Leader.processAck时,收到过半的ACK会把当前Proposal放入Leader的toBeApplied成员变量中;
2.
LeaderHandler.run选主后数据同步Follower时,在发送NEWLEADER之前,Leader并未停止处理请求,在commitLog和NEWLEADER之间的请求就是上一步放入toBeApplied中的;数据同步时就是通过下面startForwarding方法遍历toBeApplied构造PROPOSE和COMMIT发送给Follower;
synchronized public long startForwarding(LearnerHandler handler, long lastSeenZxid) {
// Queue up any outstanding requests enabling the receipt of new requests
if (lastProposed > lastSeenZxid) {
for (Proposal p : toBeApplied) {
if (p.packet.getZxid() <= lastSeenZxid) {
continue;
}
handler.queuePacket(p.packet);
// Since the proposal has been committed we need to send the commit message also
QuorumPacket qp = new QuorumPacket(Leader.COMMIT, p.packet
.getZxid(), null, null);
handler.queuePacket(qp);
}
// Only participant need to get outstanding proposals
if (handler.getLearnerType() == LearnerType.PARTICIPANT) {
List<Long>zxids = new ArrayList<Long>(outstandingProposals.keySet());
Collections.sort(zxids);
for (Long zxid: zxids) {
if (zxid <= lastSeenZxid) {
continue;
}
handler.queuePacket(outstandingProposals.get(zxid).packet);
}
}
}
if (handler.getLearnerType() == LearnerType.PARTICIPANT) {
addForwardingFollower(handler);
} else {
addObserverLearnerHandler(handler);
}
return lastProposed;
}
3.
LeaderZooKeeperServer.setupRequestProcessors构造Processor链时,把Leader的toBeApplied传到ToBeAppliedRequestProcessor的toBeApplied;
RequestProcessor toBeAppliedProcessor = new Leader.ToBeAppliedRequestProcessor(finalProcessor, getLeader().toBeApplied);
4.
这里ToBeAppliedRequestProcessor.processRequest判断已经收到这部分提案的ACK则从toBeApplied中删除;
5.3. FinalRequestProcessor.processRequest(Leader执行)

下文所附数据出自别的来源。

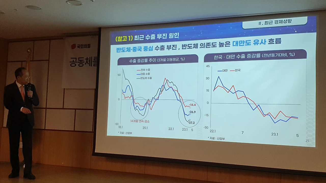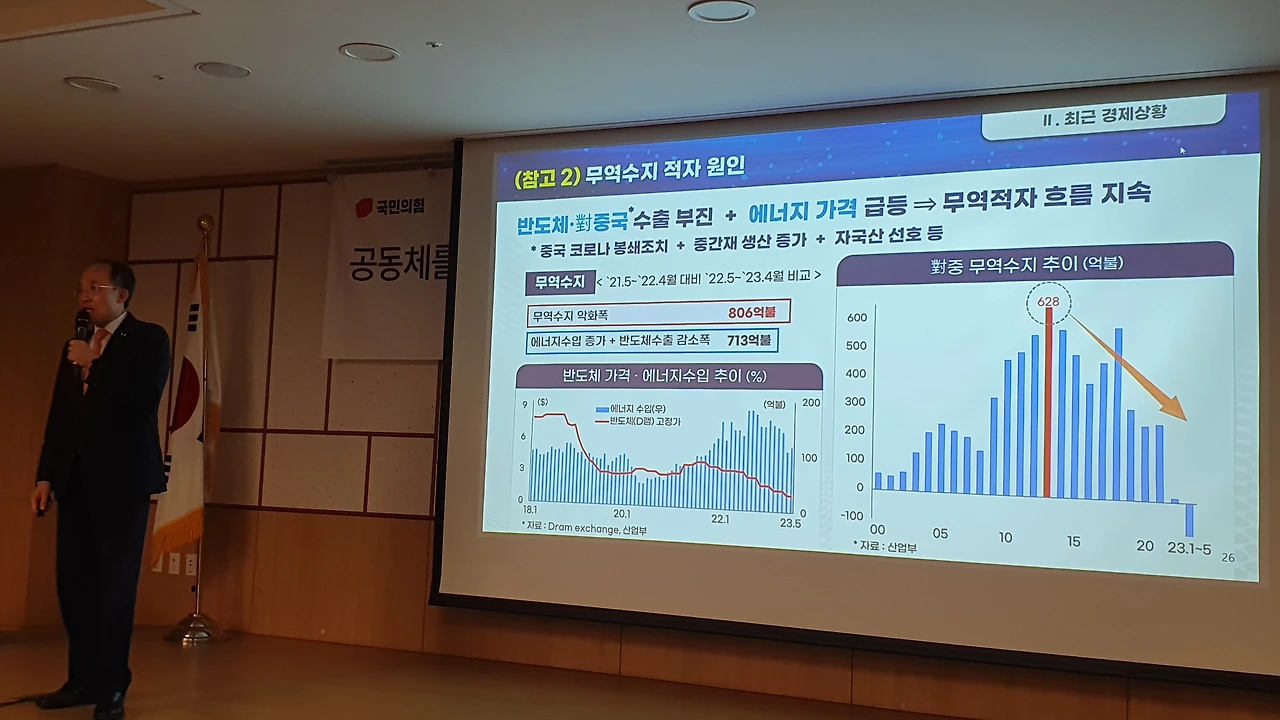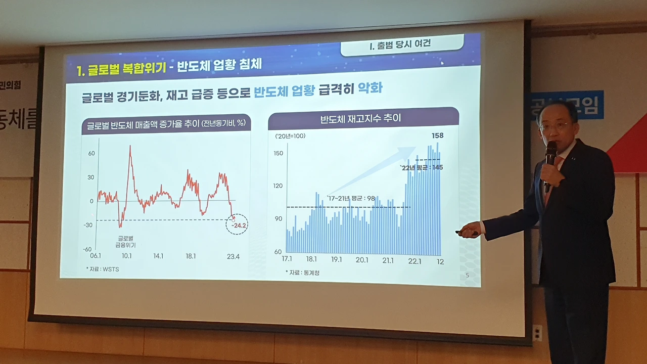 추 부총리는 수출 부진의 원인을 반도체 분야 시장 구조 문제로 진단하고 “그 근본적 구조, 중국 편향적인 수출 구조를 바꾸고, 특정 국가·품목에 편향된 구조를 바꾸기 위해서 윤 대통령이 선두에 뛰고 있는 것”이라고 말했다.

跟单机模式流程一样,更新内存后构造响应返回客户端(5.4
),参考Zookeeper(五)-服务端单机模式-事务请求处理
小结
本节只分析了Leader直接接收请求的流程;
1.
Follower接收事务请求时FollowerRequestProcessor.run中会构造REQUEST包发送给Leader(Learner.request
)进行处理,Leader的LearnerHandler.run中接收到REQUEST会构造Request从Leader的firstProcessor开始进行处理(ZooKeeperServer.submitRequest
),后续流程跟本节一致;
2.
Obverser跟Follower相比请求处理流程都完全一致(非事务请求直接处理/事务请求转发到给Leader处理),唯一不同是Obverser不参与事务提交和选举,与其他节点的唯一交互是接收来自leader的inform消息,更新自己本地存储(其作用主要是为了跨数据中心提升读性能)。